規則化量子點晶格及半導體量子環之研究

Abstract

本論文由兩個部分組成，規則化量子點晶格成長與量子環結構之研究。有關第一部份，我們提出了利用格式化基板之選擇性成長方法來達成控制量子點之位置和數目並以實驗證明﹔在另一部份中，自組式半導體量子環結構之成長與特性是討論的主題。 關於量子點之選擇性成長，本論文使用兩種不同之格式化基板方法。首先，我們使用電子束微影和溼式蝕刻形成不同之圖案，並利用原子在不同晶面上所展現之特性，來製作出具有完整晶格結構和長程規則排列之一維量子點陣列。尤有甚者，我們更發展出一種利用應變累積方式，來達成單一量子點之成長。利用這種技術，我們成功地製作出二維規則排列之單一量子點晶格。 接著，我們詳細地探討了在(100)砷化鎵基板上自組式半導體砷化銦鎵量子環的研究與成長。利用AFM量測，我們個別探討了四個主要長晶參數，砷化鎵覆蓋層之長晶速率，砷化鎵覆蓋層之基板溫度，退火溫度與退火時間。我們發現dewetting過程是量子環形成之主要原因，而擴散作用則嚴重地影響量子環之表面型態和組成分怖。此外，為了解決以傳統方式成長量子環，須仔細考慮成長條件之缺失，我們提出了以擴散位障為基礎之方法，藉由額外加入一層AlAs來阻止鎵原子向內擴散而和銦原子形成合金，因而可以在較為寬鬆之成長條件之下製作出量子環。

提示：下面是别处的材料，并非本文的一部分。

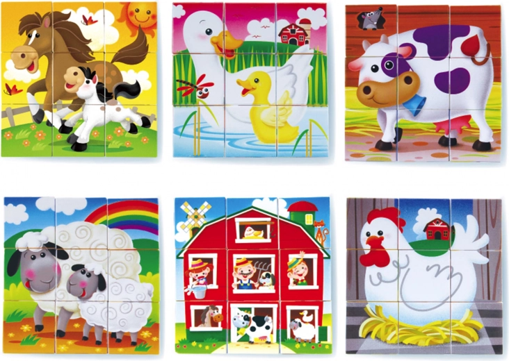 Avasta talu võlu kergete plastkuubikutega, mida on lihtne haarata ka väikeste laste käekestega. Iga kuubiku külg moodustab erineva pildi, nii et lapsed saavad kokku panna 6 eri motiivi ning õppida kujundeid, värve ja seoseid.

This dissertation consists of two parts: ordered quantum dots lattice growth and semiconductor quantum rings structures. In the first part, selective growth methods on patterned substrates to achieve position- and number-controlled self-assembled quantum dots were proposed and demonstrated experimentally. In the second part, the growth and characterization of self-assembled semiconductor quantum rings were discussed. As regards QDs selective growth, two approaches of patterned substrates were used in this dissertation. First of all, a high quality crystalline and long-range ordering of QDs array was obtained by making use of different migration behaviors on the faceted surface generating by e-beam nanolithography and wet chemical etching. Besides, a new technique based on strain accumulation was developed for achieving single QDs fabrication. Using this method, 2D ordered single QDs lattice have been demonstrated. In the following, studies and fabrication of self-assembled semiconductor In(Ga)As quantum rings on (100) GaAs substrate were discussed in detail. Using AFM measurements, four main growth parameters, GaAs capped growth rate, GaAs capped temperature, annealing temperature and annealing time, have been studied and discussed respectively. We found that the dewetting process is the dominant mechanism in the formation of quantum rings, and the diffusion-driven transformation greatly influences the surface morphology and composition distribution. Furthermore, a new growth technique based on the diffusion barrier method was developed to solve the problem that the fabrication of quantum rings is strongly dependent on the growth conditions traditionally. An additional AlAs layer impedes the inward diffusion of the Ga and Al atoms and results in nano-ring formation with a more relaxed growth condition.